March weather can be unpredictable in Wisconsin, tossing blue skies and warm sun with snow and bitter winds. To keep herself grounded, Chris Seroogy cooks up a batch of her mother’s bray.
The snow banks shrink, water streams in rivulets to the ditches, and a south wind blows. It is that in-between time, time between cold and warmth. We are teased with a warm sun, but the wind still bites, especially so as we have foolishly and stylishly set aside the heavy wool coats and snow pants for lighter weight fabric. Yet, the wind still stings cold. It is March: kite flying weather. Many a time I stood out in the cold March wind flying kites with my children. Their colorful shapes splashed vibrantly in the pale blue, spring sky. But with our frozen fingers and numbed legs, the kite surged on its string alone, quite abandoned to a stake as we retreated to the house to warm up. Still, Wisconsinites have been known to make the best of strange weather. As such, this March I have decided to set aside my kite flying and instead stir up a batch of bray.
That’s what my mother called this unusual dish of pork roast, buckwheat flour, and spices though I found nothing on the web by that name. I checked the St. Boniface Mother’s Favorite Recipes cookbook and though four versions of the recipe are given in the 1969 edition—my mother’s copy—entitled Brai (B-R-A-I), Bray (B-R-A-Y), and Buckwheat Toast, the recipe is not even mentioned in the 1995 Heart of Our Home edition—my copy. Searching by ingredients, I finally came up with Scrapple, a Pennsylvania Dutch dish that was somewhat similar.
Mom served bray to us for breakfast.
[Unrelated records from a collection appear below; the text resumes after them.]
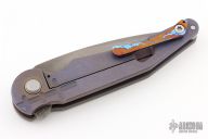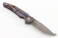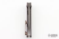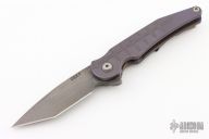 This Prick flipper from DSK Tactical Knives features a Herring Bone Damascus blade. The handle is constructed of titanium that has a stonewashed and anodized finish. The pocket clip is mokuti and positioned for tip up carry. Blade is centered when closed, flips well with no wrist action needed, and locks up with no play. Comes in a zippered case with signed certificate of authenticity. Excellent condition.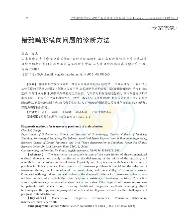 近日,山大口腔郭杰教授团队撰写的《错𬌗畸形横向问题的诊断方法》在中国口腔医学顶尖中文学术期刊《中华口腔医学杂志》“专家笔谈”栏目刊发,正畸科副主任陈磊为第一作者,郭杰为通信作者。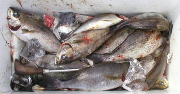![]() 一番のスズキは川原さんが釣った2.6kg。中瀬1番 |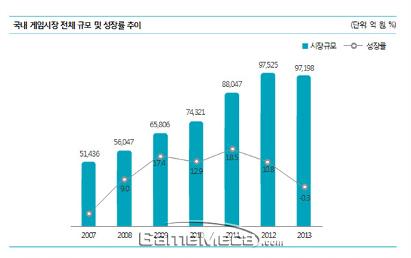 한국콘텐츠진흥원이 30일(목) 발간한 ‘2014 대한민국 게임백서’에 따르면 2013년 국내 게임시장 총 규모는 9조 7,198억 원으로, 2012년 국내 게임시장 규모인 9조 7,525억 원 대비 0.3% 감소했다. 2007년 이후 꾸준히 13%대 성장세를 이어오던 국내 게임업계의 기세가 6년 만에 꺾인 것이다.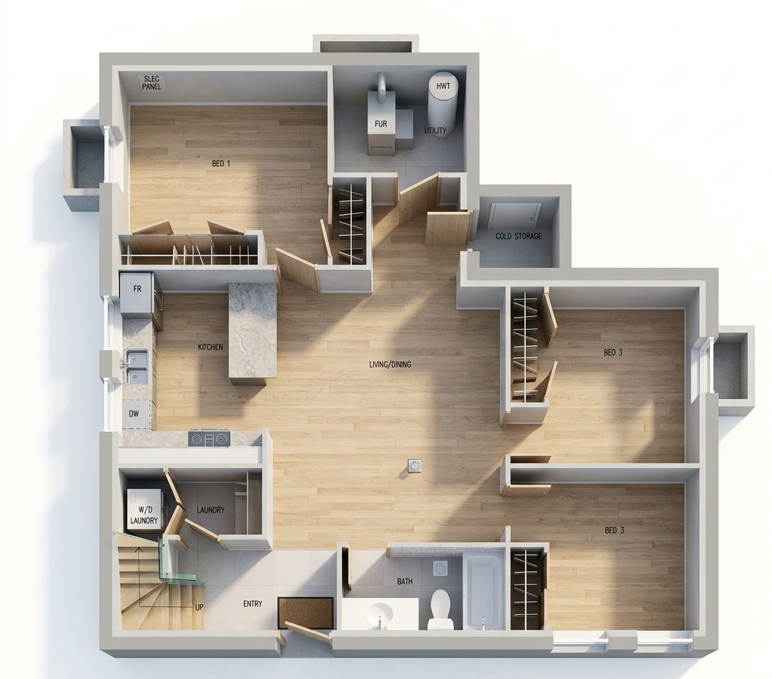 convert this floor plan into a minimalist isometric 3d view of a full house show the space from an elevated angle with furniture walls and details visible convert this floor plan into a modern isometric 3d view of a full basement apartment show the space from an elevated angle with furniture walls and details visible create a high quality isometric architectural floor plan rendering using the uploaded 2d plan as the exact blueprint critical geometry rules the floor plan layout must remain exactly identical to the source drawing do not change wall locations door placements window placements room sizes kitchen layout plumbing fixtures stairs or circulation paths do not add remove or reinterpret any architectural elements every wall opening and room must match the original plan precisely treat the drawing as a fixed architectural blueprint and only convert it into a 3d isometric visualization style clean isometric view approximately 30 45 architectural isometric angle cutaway dollhouse style with no roof realistic but minimal architectural materials modern interior finishes light wood floors neutral walls soft textures high end architectural visualization stylevisual quality bright natural lighting soft shadows high clarity and sharp detail professional architectural rendering quality balanced staging with minimal furniture to help understand the layoutconstraints do not alter proportions do not redesign rooms do not reinterpret the floor plan the goal is visualization not designoutput a visually appealing isometric 3d rendering that exactly matches the provided floor plan and is suitable for professional marketing material use the same furniture as shows on the plan do not change the orientation of the floorplan use the same furniture as shows on the plan do not change the orientation of the floorplan

She mixed it up, put it into bread pans, and refrigerated it. The next morning it was sliced and fried in lard until crispy brown, and dished onto a serving platter. The aromatic fragrance of fried fat and cooked cloves and sage drifted over our large country kitchen. We’d fork crusty slices onto our plates and thickly pour white Karo syrup, covering every edge. My father would layer his between freshly-baked, buttered bread. We devoured it as fast as my mom fried it. Of course, by the time she thankfully sat down to her share, we had ambled from the table to begin our daily chores. My mom sat alone with her coffee and her creation, though always somewhat disappointed; it just didn’t taste as good as her mom’s.
In my married life, I have only prepared bray a few times. A few times we also bought a dense loaf of Bray at the grocery store. It tasted noticeably different. We knew altered amounts and diverse spices were used. Out of curiosity, I called around to several stores to see if any make the product for their deli. Alas, no one cooks it. So, the tradition of this breakfast “Buckwheat Toast” will have to continue with me.
I’ve vowed not to let March toss me about this year. I will wear jeans and Underalls to keep warm and hang onto that winter coat. I will save my kite flying for warmer April days. And I will buy a pork roast and buckwheat flour, and sit my ninety year old mother onto a chair next to my stove in her pink booties. I will measure, cook, stir, and taste until this dish stands ready for my family once again.